お見合い相手は俺様専務!?(仮)新婚生活はじめます
私の体から力が抜けるのがわかったのか、彼は手首の拘束を解いてくれた。

ベッドランプが灯されると、薄暗い寝室で、彼と私がオレンジ色の淡い光に包まれる。

私に跨ったまま、ワイシャツを脱いでしなやかな筋肉美を披露した彼は、前髪を掻き上げてから妖艶な笑い方をした。


ムードは……あるみたい。


溢れ出る彰人の色気にやられて、のぼせてしまいそうなほどに、私の顔は火照る。

ゴクリと唾を飲み込めば、彼に抱かれたいという気持ちが急激に膨らんで、口からは熱い吐息が漏れた。
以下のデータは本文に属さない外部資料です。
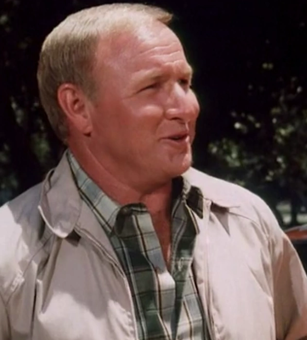 While driving around the track, he sees a stock car pull up. He pulls up and parks, getting out when Garvey confronts them. He walks up, putting a hand on Garvey’s shoulder and asks Bo and Luke if they have a good excuse for being out there. Bo remarks he didn’t think they needed one. After the boys explain they thought the track belonged to the county, Garvey tells him ‘they got an answer for everything don’t they Cale’ while he takes off his helmet. He sees how surprised the boys are and when Bo says they are from Hazzard, he tells Chet to wait a moment before telling them he knew a man from Hazzard once. He says he taught him a lot about cars when he was young and was called Skeeter. Bo and Luke say they know him and he used to work with their Uncle. He concludes they are alright and apologizes to the boys saying they can’t be too careful. Bo tells him that’s alright before shaking his hand. He then shakes Luke’s. He offers the boys an explanation and invites them to come see his car.

私の心の変化に気づいたかのように、彼は嬉しそうにフッと口元を緩める。

ゆっくりと近づいてきた端正な顔は、五センチほどの距離で一度止まった。

「莉子……」と呼びかける声が唇にかかり、私は下ろそうとしていた瞼を上げる。

すると、視線が交わった直後に、唇を強く押し当てられた。


情熱的で、それでいて優しい舌使いに、私の息はすぐに熱くなる。

服を脱がされた私は、全身をくまなく愛されて、涙目になるほどの快感に溺れていた。


「彰人が、好き……」


これまで何度も言おうとして、躊躇してきた言葉が、今は自然と口から漏れる。